Study: Electrical Spinal Stimulation Helps Patients Move Again – CBS Local

Posted by on Apr 9th, 2014 and filed under Medical News. You can follow any responses to this entry through the RSS 2.0. You can leave a response or trackback to this entry

Study: Electrical Spinal Stimulation Helps Patients Move Again – CBS Local

BETHESDA, Md. (CBSDC) –- According to a new study, zapping the spine with electricity during physical training could help paralyzed patients move again.

Researchers used electrical stimulation on the spines of four people who had been paralyzed utilizing and advised to continue using a mobility scooter for more than two years. After the stimulation, all four people were able to have some movements; they were able to flex their toes, ankles, and knees.

Researchers say that if this is proven to be effective in more people then it could change the prognosis for people living with paralysis.

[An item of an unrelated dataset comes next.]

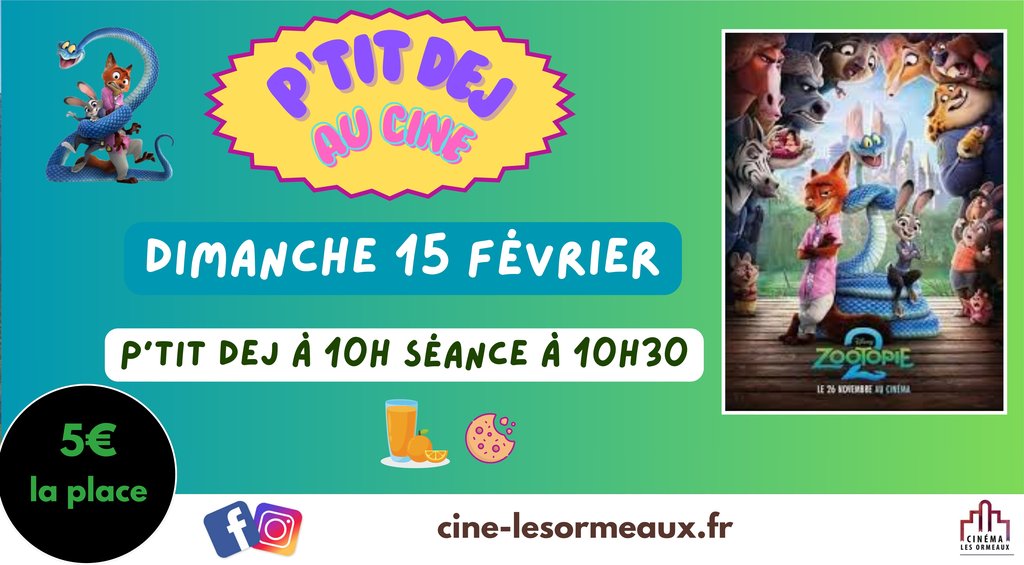 Venez participer à notre séance CINÉ P’TIT DÉJ avec la projection du film d’animation ZOOTOPIE 2, le dimanche 15 février.

“Spinal cord injury may no longer mean a lifelong sentence of complete paralysis,” Dr. Roderick Pettigrew, a director at the National Institutes of Health in Bethesda, Md., said. “To my personal knowledge, I think this is the first report of four such individuals that have gained such substantial improvement, more two years after injury,” Pettigrew told Live Science.

Researchers implanted a grid of electrodes on the patients’ spinal cord. Then each patient had physical training.

After training, all four were able to move their leg.

Researchers know that further testing is needed before this can become a treatment.

The study was funded by NIH.

The findings were published in the journal Brain.